• **What you have to do**: Transcribe every line from the one containing "Tras los requerimientos" through the end of the records below, exactly, but not the pictures.

• **Exercise data**:
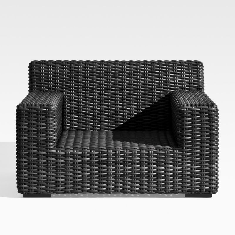 Low-slung and ready to lounge, our Abaco outdoor furniture collection extends an invitation to kick back and relax. Each chair is handwoven of dark charocla grey, weather-resistant resin wicker in a chunky, textural weave. The lounge chair's modern, boldly proportioned frame of lightweight aluminum offers a deep seat and wide, boxy arms that are perfect for hosting a cool drink. Add on a layer of comfort with custom-designed cushions in a range of colors (sold separately).
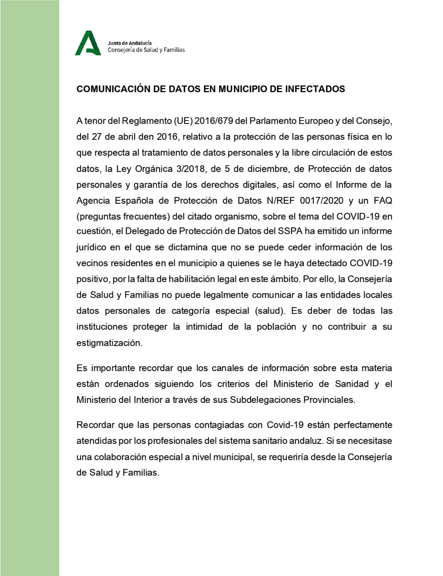 Tras los requerimientos enviados por el Ayuntamiento de Montellano a las distintas Administraciones Públicas solicitando el número de contagiados por coronavirus en nuestro pueblo, nos han contestado con el siguiente comunicado que adjuntamos en la imagen.
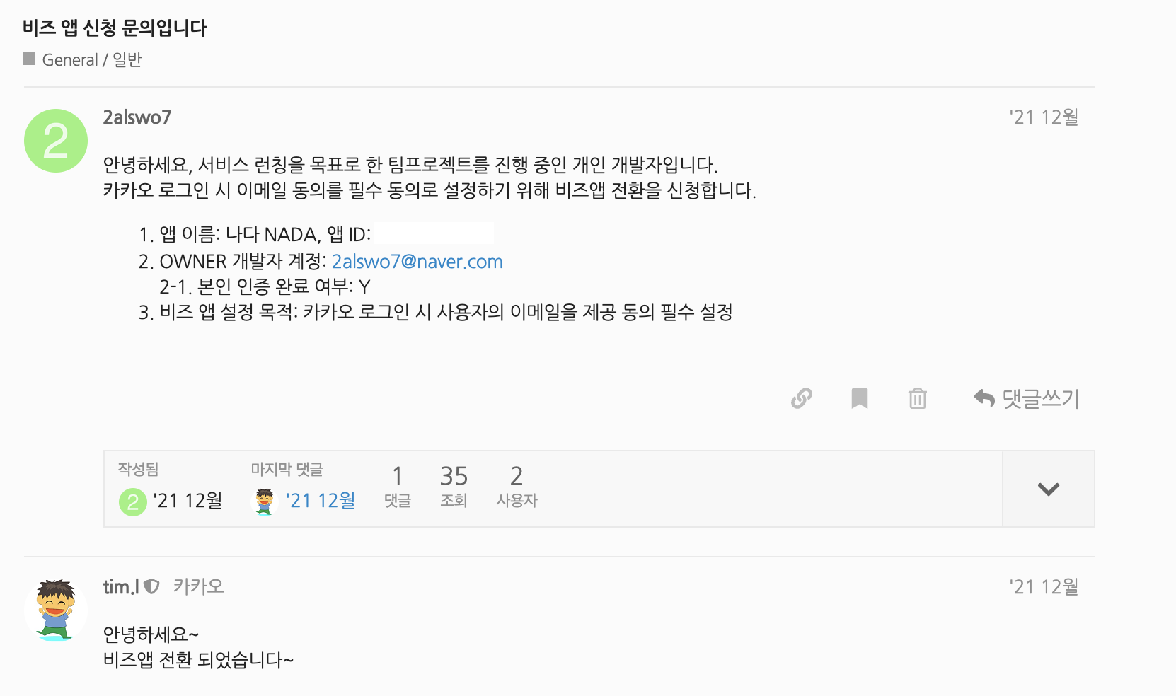 생각보다 그 방법은 간단한데, 전환을 신청할 앱 소유자(Owner) 계정이 본인인증을 받은 상태에서 개발자 포럼인 데브톡에 글쓰기를 통해 비즈 앱 전환을 요청하면 된다.
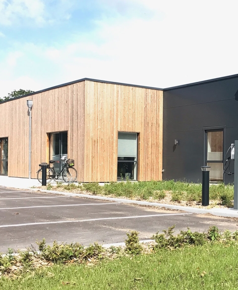 Projektet er opført i sandwichpaneler med isolering af mineraluld monteret på stålspær. Dele af bygningen er beklædt med naturfarvet ThermoWood for at give bygningen variation i facadeudtrykket.
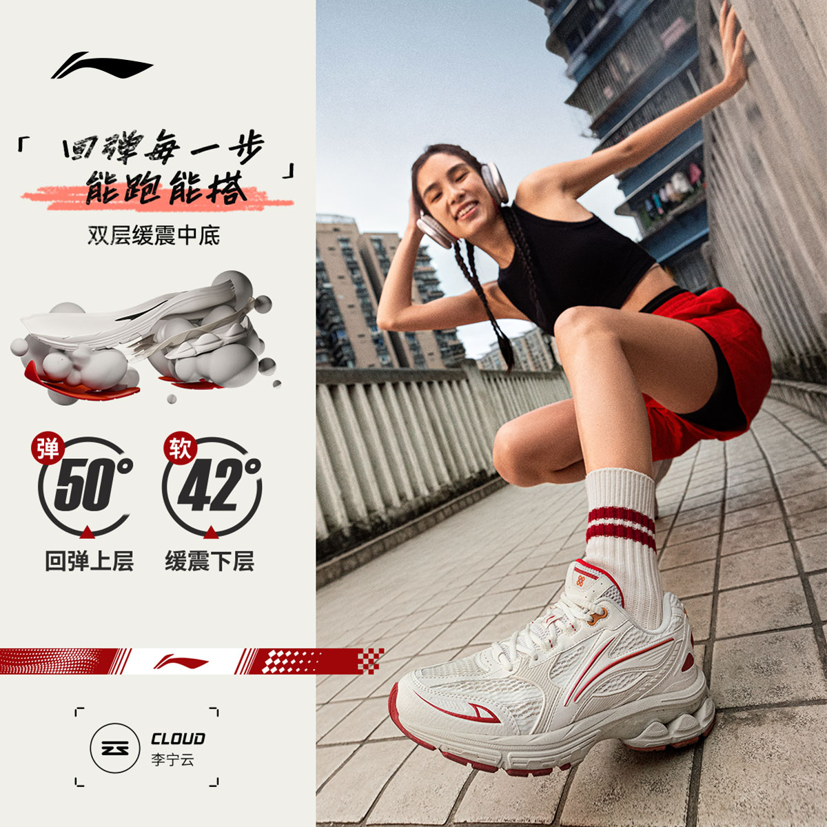 李宁扶摇2.0丨 跑步鞋女款复古潮流休闲百搭健身慢跑老爹鞋运动鞋
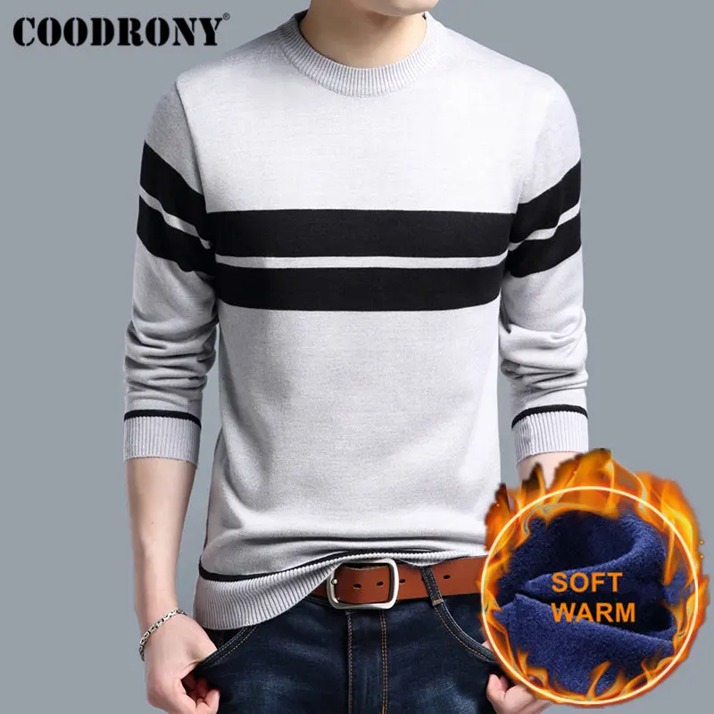 Мужской шерстяной свитер COODRONY, толстый теплый Повседневный пуловер с хлопковой подкладкой и круглым вырезом, модель H018 на зиму, 2019|Джемперы | | АлиЭкспресс
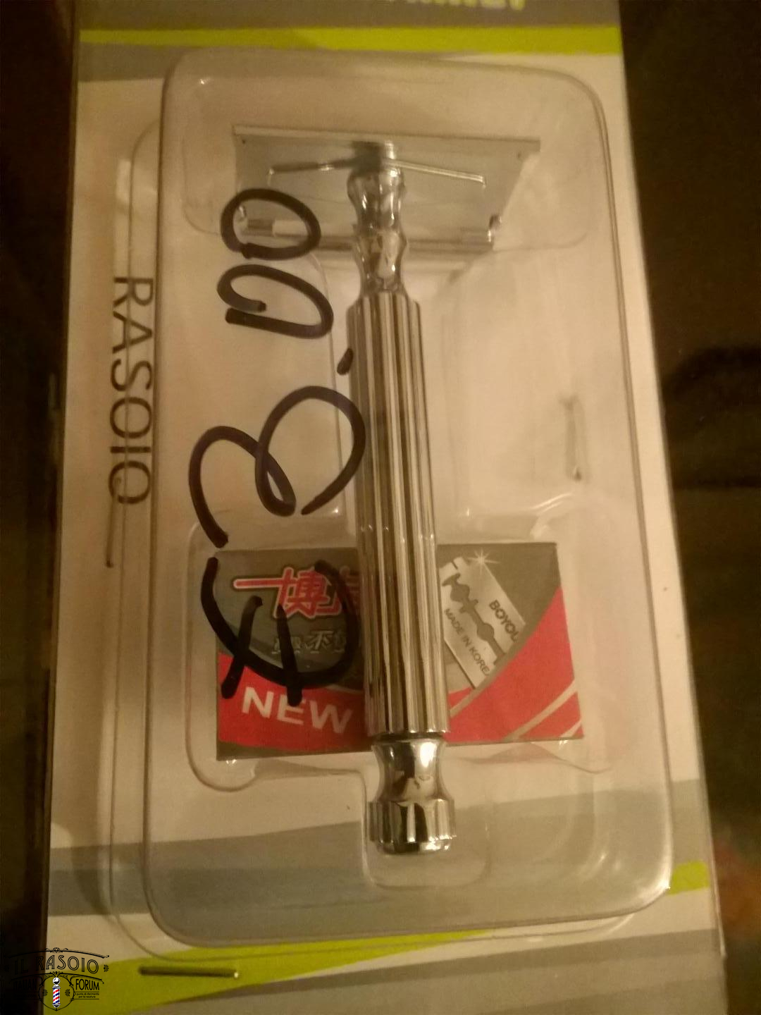 A differenza di altre immagini viste in rete dove il rasoio ha una suo astuccio plastico a guscio, la confezione da magazzinone cinese è piuttosto anonima, e buffa nella sua identificazione di una parte per il tutto; credo che anche la confezione possa essere mutevole. Occhio alla lametta ! :D
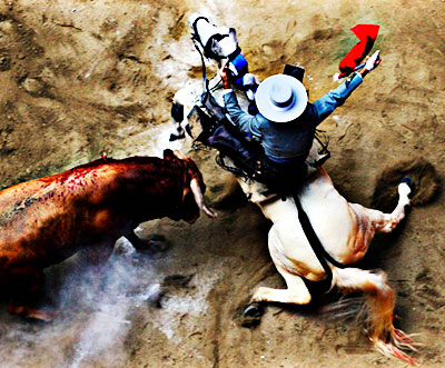 Foto por Henry Agudelo – Premio World Press Photo 2006. El rejoneador español Andy Cartagena en la plaza de toros La Macarena.

• **Response for this exercise**:
 Tras los requerimientos enviados por el Ayuntamiento de Montellano a las distintas Administraciones Públicas solicitando el número de contagiados por coronavirus en nuestro pueblo, nos han contestado con el siguiente comunicado que adjuntamos en la imagen.
 생각보다 그 방법은 간단한데, 전환을 신청할 앱 소유자(Owner) 계정이 본인인증을 받은 상태에서 개발자 포럼인 데브톡에 글쓰기를 통해 비즈 앱 전환을 요청하면 된다.
 Projektet er opført i sandwichpaneler med isolering af mineraluld monteret på stålspær. Dele af bygningen er beklædt med naturfarvet ThermoWood for at give bygningen variation i facadeudtrykket.
 李宁扶摇2.0丨 跑步鞋女款复古潮流休闲百搭健身慢跑老爹鞋运动鞋
 Мужской шерстяной свитер COODRONY, толстый теплый Повседневный пуловер с хлопковой подкладкой и круглым вырезом, модель H018 на зиму, 2019|Джемперы | | АлиЭкспресс
 A differenza di altre immagini viste in rete dove il rasoio ha una suo astuccio plastico a guscio, la confezione da magazzinone cinese è piuttosto anonima, e buffa nella sua identificazione di una parte per il tutto; credo che anche la confezione possa essere mutevole. Occhio alla lametta ! :D
 Foto por Henry Agudelo – Premio World Press Photo 2006. El rejoneador español Andy Cartagena en la plaza de toros La Macarena.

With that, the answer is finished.